Advances in medicine and in the biological sciences are increasingly dependent upon a quantitative understanding of how individual biological components—including DNA, proteins, cells, tissues, and organs—interact with one another as an integrated whole to yield functional outcomes relevant to healthy physiological function and to disease states. The ability to quantitatively describe these systems and to predict how they behave will be essential for not only identifying novel drug targets and ascertaining the etiology of complex diseases such as cancer and heart disease, but also for achieving truly personalized medical diagnostics, therapies, and surgical approaches toward treating these diseases. Biological systems can be defined and studied at multiple scales: the molecular scale (protein structure and folding), the pathway and cellular scale (network behavior and "emergent properties"), and the multicellular-to-population scales (tissue-, organ-, and population-level dynamics and interactions). The ability to apply rigorous and quantitative engineering-based approaches to characterize and interrogate biological systems across multiple scales will be foundational to medical advances going forward. Thus, it is imperative to train a diverse new generation of scientists in the concepts and practice of multi-scale systems bioengineering research.

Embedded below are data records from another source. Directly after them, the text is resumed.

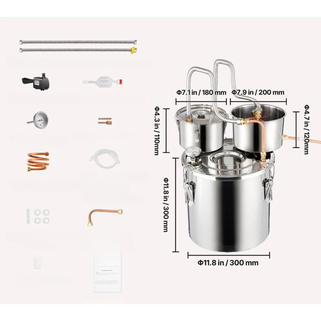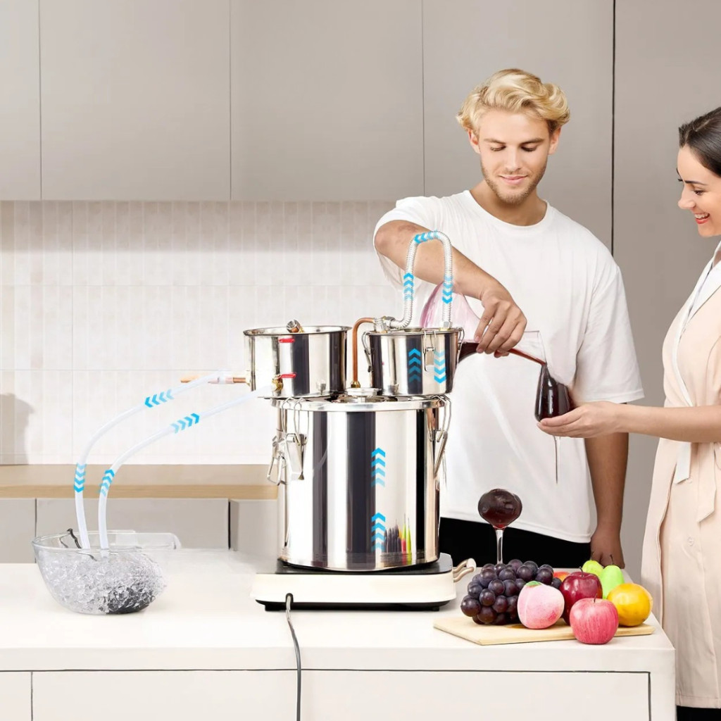 A professzionális otthoni lepárlás élménye most bárki számára elérhető ezzel a 19 literes alkohollepárló berendezéssel, amely élelmiszeripari minőségű rozsdamentes acélból és kiváló hővezetésű vörösrézből készült. A készülék tökéletes a saját készítésű pálinka, whisky, brandy, rum, vodka, gyümölcsbor, etanol, desztillált víz vagy éppen illóolajelőállítására.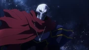 After being informed by Albedo that Shalltear Bloodfallen has rebelled, Ainz returns to Nazarick and tries to figure out why the vampire has gone rogue. He and Albedo head to the 5th Floor to visit Nigredo and uses her to find Shalltear. They discover that Shalltear is now fully equipped in her Bloody Valkyrie form. However, Ainz is informed by Narberal that the Adventurer's Guild at E-Rantel is looking for him. He then goes to the Adventurer's Guild meeting and discusses a powerful vampire. Momon convinces and insists to the Guild leaders, E-Rantel's authorities, and his fellow Mithril adventurers, that he will exterminate the vampire on sight. When the meeting is over, he goes to the forest and orders Albedo and Mare to dispose of Kralgra, who ignored his advice and chose to follow.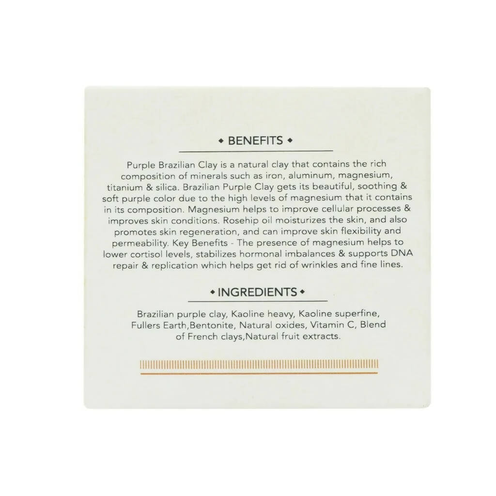 - The Brazilian Purple Clay is renowned for its charming, calming, and gentle purple hue. Rosehip oil hydrates the skin while enhancing its suppleness and permeability.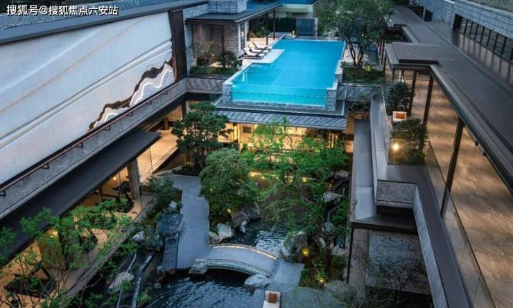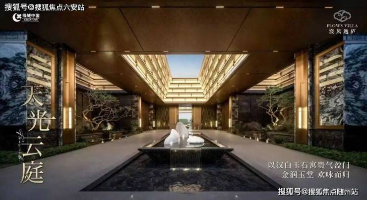 项目以约150米中央水轴贯穿东西,融合“四水归堂”传统理念,串联“十八学士下沉庭院”“银河九天瀑布泳池”等节点。入口“九五登峰”门庭高约9.5米,以巴西铂金钻奢石、六棵百年黑松营造“紫气东来”的归家礼序;下沉庭院复刻南宋夏圭《溪山清远图》,以十八学士山茶花沿涧种植,形成“涧水鸣珮,山茶照影”的东方长卷。

At [home institution], we have developed an NSF-funded REU Site in Multi-Scale Systems Bioengineering. For the past three summers, a total of 31 students were recruited (out of 680 applicants total), with participants coming from 27 colleges and universities around the country. REU students have performed research in topics ranging anywhere from molecular biophysics modeling to models of cardiac cell signaling to genome-scale models of metabolism to tissue-level biomechanics models to image analysis algorithms for determining levels of happiness from social media photos. Of the 31 total students over the past three years, 15 were underrepresented minorities, 16 were women, 15 were from non-R1 institutions, and 9 were from primarily undergraduate institutions. Approximately one-third of the REU participants were biomedical engineering majors, with the remainder majoring in biochemistry, chemical engineering, chemistry, biology, mathematics, computer science, physics, and neuroscience, including nine double-majors. Of these participants, 71% have presented their work at national professional society meetings, and two of them have become co-authors on three papers. Of the 17 who have since graduated, 9 are now enrolled in STEM PhD programs, 3 are working in industry in STEM positions (all of whom are seriously considering graduate school at some point in the future), 1 is in a master’s program in data science (having formerly been pre-med), and 4 are either in medical school or taking a gap year. Based on ongoing conversations with the alumni from the first two cohorts, 3 REU alumni switched their career plans from medicine to a PhD due to the summer research experience.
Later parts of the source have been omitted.